To label the samples, the public genome annotations of the referred species are used. Indeed, the assumption is made that DeepRibo, trained on data labeled via sequence alignment, can offer precise predictions by learning from the ribo-seq signal instead of using the full DNA sequences as an input. Although it is expected that the annotated genomes contain errors because of the shortcomings of prevalent but more conservative DNA sequence alignment methods, this behaviour is not mimicked as the model does not learn the DNA sequences of the coding sequences.
1.2. Neural network architecture
DeepRibo is a neural network built in PyTorch [31]. It is specifically designed to process two types of data: strings (i.e. DNA sequences) and floats (i.e. ribo-seq signal). The model first processes each type of data in parallel before combining the features created from both inputs into a set of fully-connected layers. The DNA sequence is transformed into a binary image with 4 channels, a method proposed by Alipanahi [25]. This image is consecutively processed by two convolutional layers. The first layer transforms the sparse matrix into a dense matrix using four 1×1 convolutional kernels. Afterwards, 32 kernels of 1×12 convolutions process the data in the second and last convolutional layer. The ribosome profiling data is fed into a double-layered, bidirectional Gated Recurrent Unit (GRU). The gated recurrent unit was selected instead of the long short-term memory cell as it showed to train better models and was overall faster to train. Only the final hidden states of the memory cell are used for further processing, making the use of varied length inputs (i.e. candidate ORFs) possible. After each type of data is processed, the output nodes of both networks are concatenated and fed into a fully-connected layer. The final layers of the network consist of three fully connected layers that combine the features of both the Convolutional Neural Network (CNN) and Recurrent Neural Network (RNN) to obtain a final prediction. The rectified linear unit is used as the activation function after all but the last step. The binary cross entropy is used as the loss function during training. Figure 1 features the full architecture of the neural network.
1.3. Dataset construction
Several databases have been included for training, consisting of experiments performed on prokaryotes grown under standard conditions. The experiments cover both gram-negative (Salmonella typhimurium [13], Escherichia coli [32], Caulobacter crescentus [33]) and gram-positive bacteria (Bacillus Subtilis [34], Streptomyces coelicolor [35], Staphylococcus aureus [36]). The model is trained using the coverage profiles of the ribosome profiling data. The S-curve is fitted on each dataset to obtain the minimum required coverage and RPKM signal of the ribosome profiling signal of the samples within each dataset. Table 1 gives an overview of the used datasets, and the amount of samples each contributes to the the training/test data.

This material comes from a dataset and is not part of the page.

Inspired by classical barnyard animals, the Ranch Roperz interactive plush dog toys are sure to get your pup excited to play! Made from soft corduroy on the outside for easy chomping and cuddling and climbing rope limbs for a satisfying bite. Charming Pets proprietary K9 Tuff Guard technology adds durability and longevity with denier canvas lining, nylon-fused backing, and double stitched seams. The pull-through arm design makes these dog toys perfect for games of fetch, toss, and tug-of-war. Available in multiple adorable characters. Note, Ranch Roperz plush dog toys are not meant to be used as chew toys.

To make sure no bias is introduced during the creation of the input data, the first step selects all candidate ORFs of the genome for each of the included ribo-seq datasets. It has been shown that ATG, GTG and TTG are the three nucleotide combinations that almost exclusively make up all start codons in a wide variety of bacteria [37]. Therefore, all DNA sequences within the genomes starting with either ATG, GTG and TTG up until a stop codon (TAA, TGA or TAA) are considered candidate ORFs. Since a large amount of ORFs exist with lengths too short to be translated into a functioning protein, a pseudo-arbitrary cutoff of 30 nucleotides is chosen to be the minimum length of the samples.

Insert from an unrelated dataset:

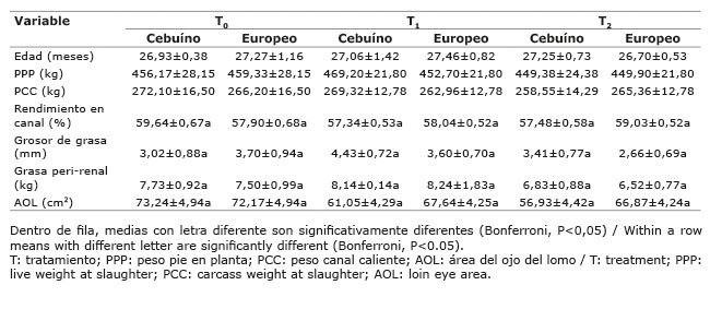 En la planta procesadora de carne se evaluaron variables como peso en pie en planta (PPP), peso de la canal caliente (PCC) al final de la línea de cosecha, porcentaje de rendimiento en canal, peso de la grasa perirrenal (PGP) y el desarrollo muscular (DM). Después de veinticuatro horas post mortem, a las canales refrigeradas (4 °C) se les evaluó el grosor de grasa de cobertura (GG) sobre el Longissimus dorsi lumborum (LDL), mediante el promedio de tres medidas tomadas perpendicularmente a un cuarto, la mitad y tres cuartos del eje longitudinal de la superficie del músculo. Sobre el mismo músculo fue determinada la grasa intramuscular (marmoleo), mediante patrones fotográficos (AMSA, 1995) cuya escala fue modificada a una escala de cinco puntos donde 0 = desprovisto de marmoleo; 1 = trazas de marmoleo; 2 = marmoleo ligero; 3 = marmoleo moderado; 4 = marmoleo abundante. El área de sección transversal del L. dorsi lumborum (AOL) fue determinado a las 24 h post morten, realizando un corte a nivel de la intersección entre la 12-13a costilla, se humedeció levemente el área transversal con agua destilada y posteriormente se marcó la circunferencia del lomo con lápiz de grafito y se cuantificó el área circunscrita con una tabla cuadriculada (USDA, 1990) validada para la estimación.

The study is built up as follows: the training data is created from five out of the six available datasets, using the remaining dataset as the test set. Six models have been trained for this study, using each of the available datasets as a test set. Furthermore, to investigate the predictions of the model in more depth, the predictions of two models have been extensively evaluated. In set-up 1 (S1) we exclude the expression data from S. aureus from the training set. In set-up 2 (S2) E. coli is excluded from the training set. These are both the smallest and biggest possible test set, furthermore having the lowest and highest correlation between RPKM and coverage of the annotated genes, respectively. All experiments evaluate the performance of DeepRibo on de novo data (i.e. transfer learning), in accordance to the design goals discussed. The different neural networks selected were trained for about 11 epochs (Supplementary Figure S3,S4), based upon the minimum loss of the model’s predictions upon the test sets (Supplementary Figure 3).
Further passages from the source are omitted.